Peripheral benzodiazepine receptor ( PBR) ligand cytotoxicity unrelated to PBR expression.

Some synthetic ligands of the peripheral-type benzodiazepine receptor ( PBR), an 18 kDa protein of the outer mitochondrial membrane, are cytotoxic for several tumor cell lines and arise as promising chemotherapeutic candidates. However, conflicting results were reported regarding the actual effect of these drugs on cellular survival ranging from protection to toxicity. Moreover, the concentrations needed to observe such a toxicity were usually high, far above the affinity range for their receptor, hence questioning its specificity. In the present study, we have shown that micromolar concentrations of FGIN-1-27 and Ro 5-4864, two chemically unrelated PBR ligands are toxic for both PBR-expressing SK-N-BE neuroblastoma cells and PBR-deficient Jurkat lymphoma cells.

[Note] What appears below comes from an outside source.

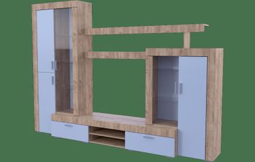 Оризона NEW Стенка — готовый комплект для гостиной, включающий широкую тумбу ТВ, высокую (3 стеклянных полки) и низкую (2 стеклянных полки) витрины, высокий (5 полок ЛДСП) и низкий (3 полки ЛДСП) пеналы, открытые полки. Материал ЛДСП. Стекло обычное. Используются направляюшие полного выдвижения None Страна производства: Россия Есть доставка.

We have thereby demonstrated that the cytotoxicity of these drugs is unrelated to their PBR-binding activity. Moreover, Ro 5-4864-induced cell death differed strikingly between both cell types, being apoptotic in Jurkat cells while necrotic in SK-N-BE cells. Again, this did not seem to be related to PBR expression since Ro 5-4864-induced death of PBR-transfected Jurkat cells remained apoptotic. Taken together, our results show that PBR is unlikely to mediate all the effects of these PBR ligands. They however confirm that some of these ligands are very effective cytotoxic drugs towards various cancer cells, even for reputed chemoresistant tumors such as neuroblastoma, and, surprisingly, also for PBR-lacking tumor cells.[1]


  1. Peripheral benzodiazepine receptor (PBR) ligand cytotoxicity unrelated to PBR expression. Hans, G., Wislet-Gendebien, S., Lallemend, F., Robe, P., Rogister, B., Belachew, S., Nguyen, L., Malgrange, B., Moonen, G., Rigo, J.M. Biochem. Pharmacol. (2005) [Pubmed]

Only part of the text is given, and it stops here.